DATA PROVIDED:
——————————

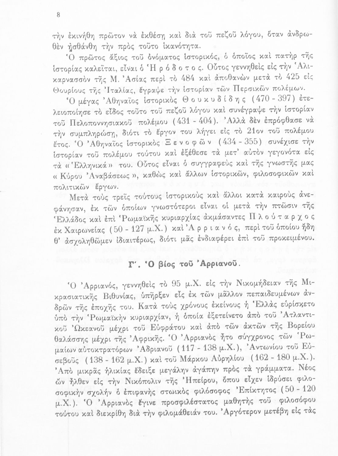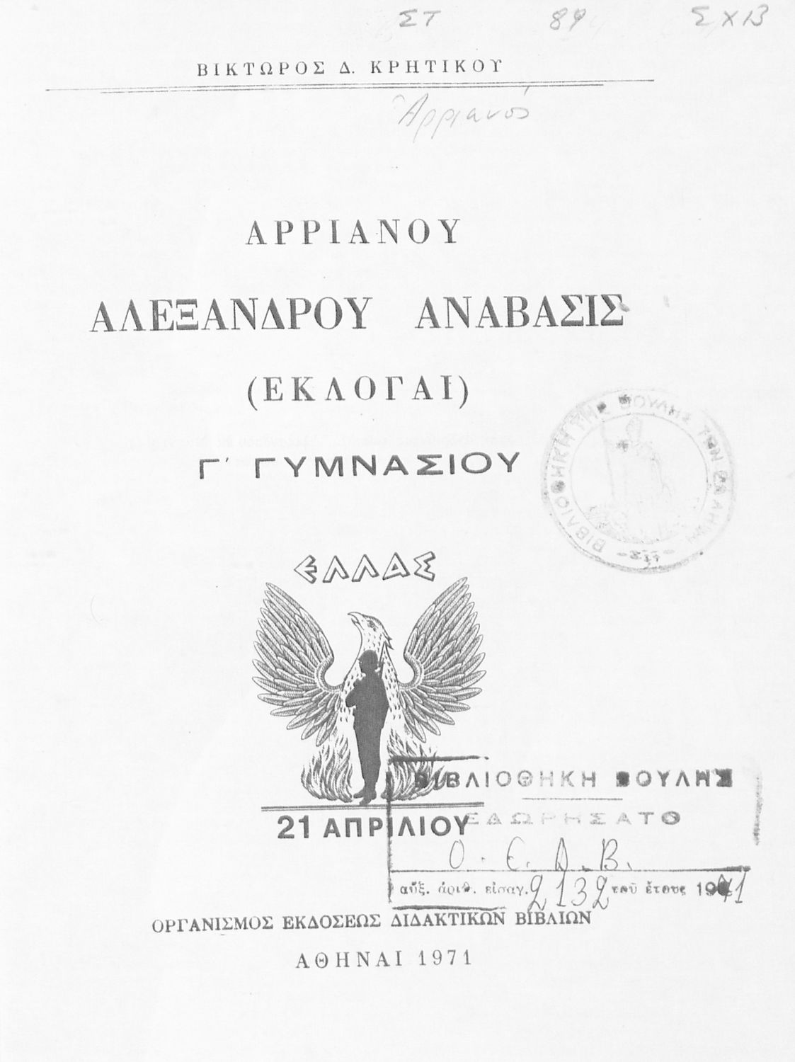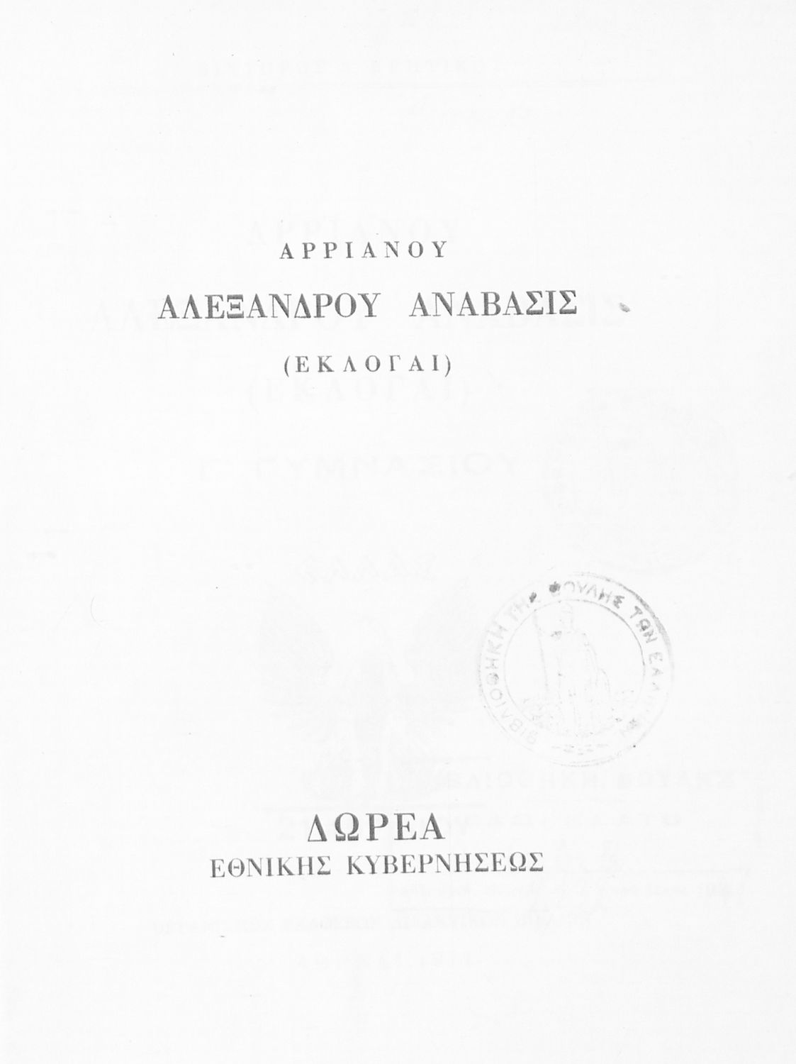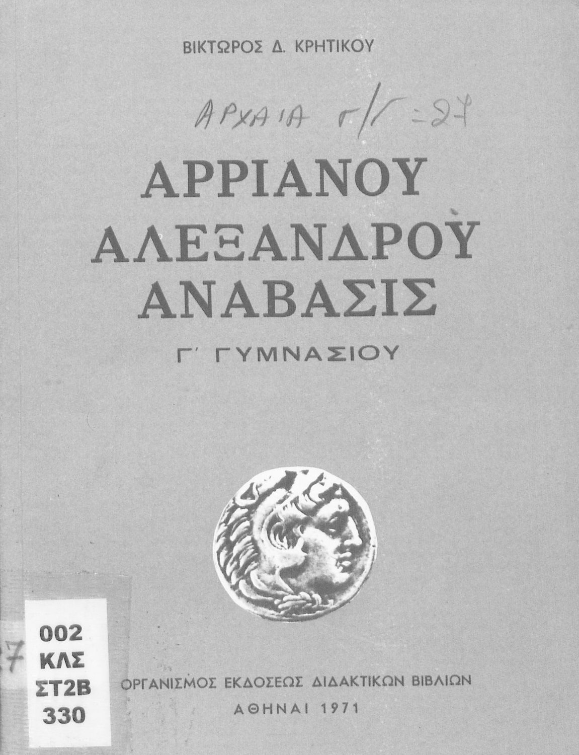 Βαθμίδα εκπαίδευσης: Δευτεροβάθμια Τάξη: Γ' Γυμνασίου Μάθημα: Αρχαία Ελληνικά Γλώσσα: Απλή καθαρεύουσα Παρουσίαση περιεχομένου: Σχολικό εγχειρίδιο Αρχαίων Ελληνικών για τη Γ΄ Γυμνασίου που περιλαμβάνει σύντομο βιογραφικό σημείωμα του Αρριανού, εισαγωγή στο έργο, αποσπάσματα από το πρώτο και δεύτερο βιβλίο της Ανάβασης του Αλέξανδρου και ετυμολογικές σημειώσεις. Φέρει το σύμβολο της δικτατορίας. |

——————————

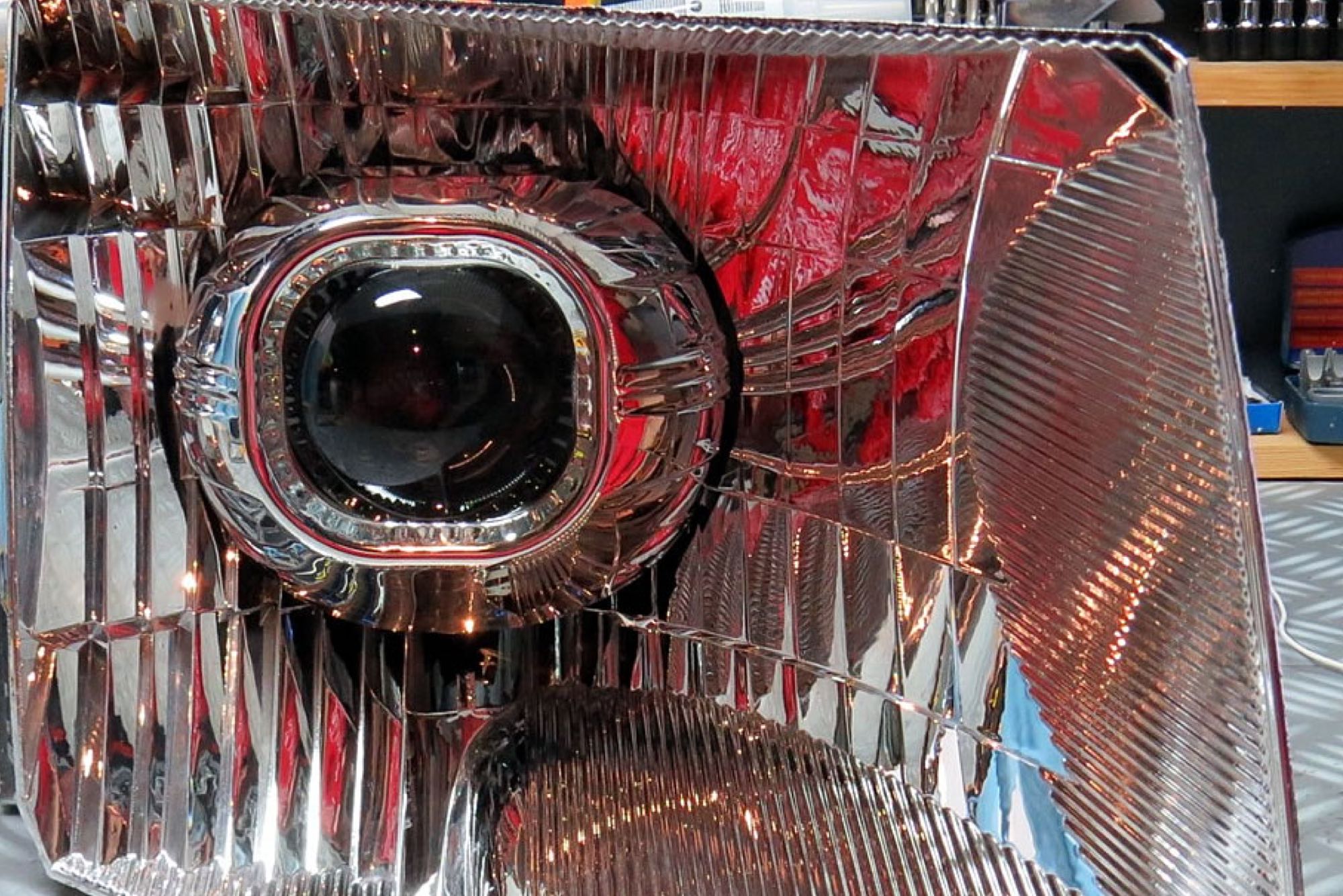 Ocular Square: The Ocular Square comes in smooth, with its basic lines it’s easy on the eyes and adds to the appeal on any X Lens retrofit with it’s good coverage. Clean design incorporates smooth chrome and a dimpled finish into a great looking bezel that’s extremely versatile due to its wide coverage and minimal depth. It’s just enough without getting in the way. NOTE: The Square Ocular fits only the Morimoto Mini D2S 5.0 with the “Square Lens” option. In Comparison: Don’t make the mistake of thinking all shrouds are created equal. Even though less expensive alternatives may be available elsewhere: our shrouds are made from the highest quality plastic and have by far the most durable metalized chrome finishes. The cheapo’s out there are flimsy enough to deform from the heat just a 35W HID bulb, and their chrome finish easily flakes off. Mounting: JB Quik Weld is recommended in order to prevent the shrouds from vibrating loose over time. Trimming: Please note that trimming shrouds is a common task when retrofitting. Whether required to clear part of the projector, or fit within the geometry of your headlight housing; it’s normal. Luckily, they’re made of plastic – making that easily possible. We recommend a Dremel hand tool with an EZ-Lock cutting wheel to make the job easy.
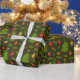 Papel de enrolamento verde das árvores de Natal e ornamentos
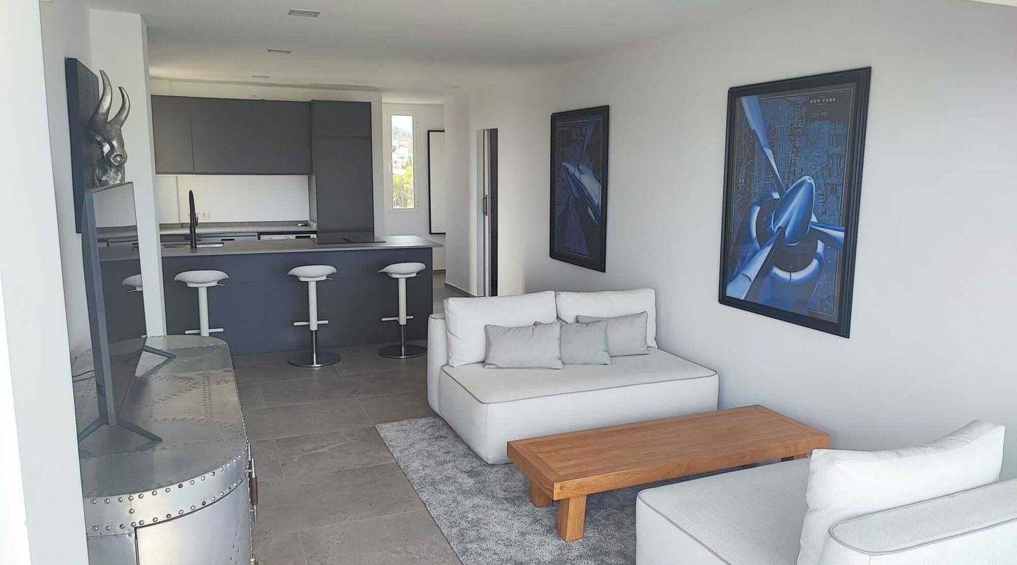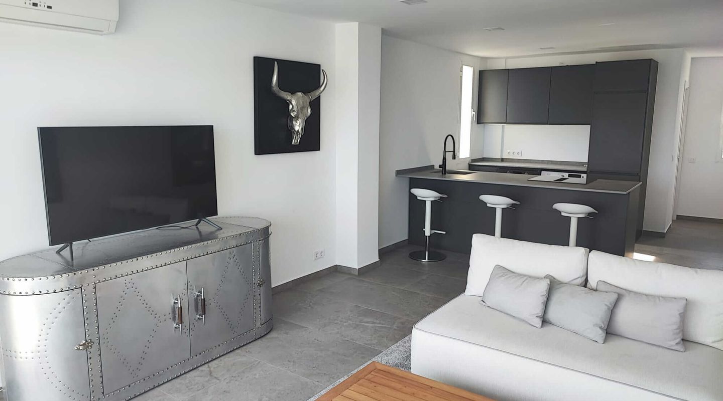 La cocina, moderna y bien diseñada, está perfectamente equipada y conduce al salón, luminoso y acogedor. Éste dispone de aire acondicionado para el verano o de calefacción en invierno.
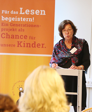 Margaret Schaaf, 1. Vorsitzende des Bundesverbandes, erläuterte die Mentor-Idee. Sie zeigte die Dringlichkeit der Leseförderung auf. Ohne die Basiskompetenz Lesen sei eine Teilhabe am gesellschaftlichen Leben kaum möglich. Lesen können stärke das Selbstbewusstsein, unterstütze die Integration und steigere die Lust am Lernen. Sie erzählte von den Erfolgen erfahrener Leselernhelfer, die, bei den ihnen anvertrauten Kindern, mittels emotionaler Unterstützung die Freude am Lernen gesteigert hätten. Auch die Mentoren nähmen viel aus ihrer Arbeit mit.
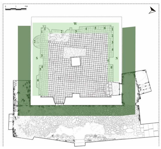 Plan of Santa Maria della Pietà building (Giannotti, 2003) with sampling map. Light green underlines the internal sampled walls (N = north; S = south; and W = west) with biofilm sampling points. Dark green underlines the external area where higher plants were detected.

——————————

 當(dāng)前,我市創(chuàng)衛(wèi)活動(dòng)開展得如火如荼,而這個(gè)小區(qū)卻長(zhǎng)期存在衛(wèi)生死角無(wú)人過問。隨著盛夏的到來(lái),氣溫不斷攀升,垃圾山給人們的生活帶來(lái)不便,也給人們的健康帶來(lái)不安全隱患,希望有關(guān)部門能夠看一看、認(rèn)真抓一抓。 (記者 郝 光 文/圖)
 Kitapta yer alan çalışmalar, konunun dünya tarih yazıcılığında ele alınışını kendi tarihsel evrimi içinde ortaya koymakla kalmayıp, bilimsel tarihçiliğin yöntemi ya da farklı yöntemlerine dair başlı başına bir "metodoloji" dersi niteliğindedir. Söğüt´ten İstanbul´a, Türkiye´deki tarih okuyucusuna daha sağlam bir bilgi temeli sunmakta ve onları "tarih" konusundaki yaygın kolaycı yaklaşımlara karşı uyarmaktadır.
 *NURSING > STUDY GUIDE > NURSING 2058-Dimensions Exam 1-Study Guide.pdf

——————————

ASSIGNMENT:
Beginning with the line containing "(記者 郝 光 文/圖)" in the material above, copy every line exactly until you have copied the line containing "Exam 1-Study Guide.pdf".

RESPONSE FOR THIS EXERCISE:
 當(dāng)前,我市創(chuàng)衛(wèi)活動(dòng)開展得如火如荼,而這個(gè)小區(qū)卻長(zhǎng)期存在衛(wèi)生死角無(wú)人過問。隨著盛夏的到來(lái),氣溫不斷攀升,垃圾山給人們的生活帶來(lái)不便,也給人們的健康帶來(lái)不安全隱患,希望有關(guān)部門能夠看一看、認(rèn)真抓一抓。 (記者 郝 光 文/圖)
 Kitapta yer alan çalışmalar, konunun dünya tarih yazıcılığında ele alınışını kendi tarihsel evrimi içinde ortaya koymakla kalmayıp, bilimsel tarihçiliğin yöntemi ya da farklı yöntemlerine dair başlı başına bir "metodoloji" dersi niteliğindedir. Söğüt´ten İstanbul´a, Türkiye´deki tarih okuyucusuna daha sağlam bir bilgi temeli sunmakta ve onları "tarih" konusundaki yaygın kolaycı yaklaşımlara karşı uyarmaktadır.
 *NURSING > STUDY GUIDE > NURSING 2058-Dimensions Exam 1-Study Guide.pdf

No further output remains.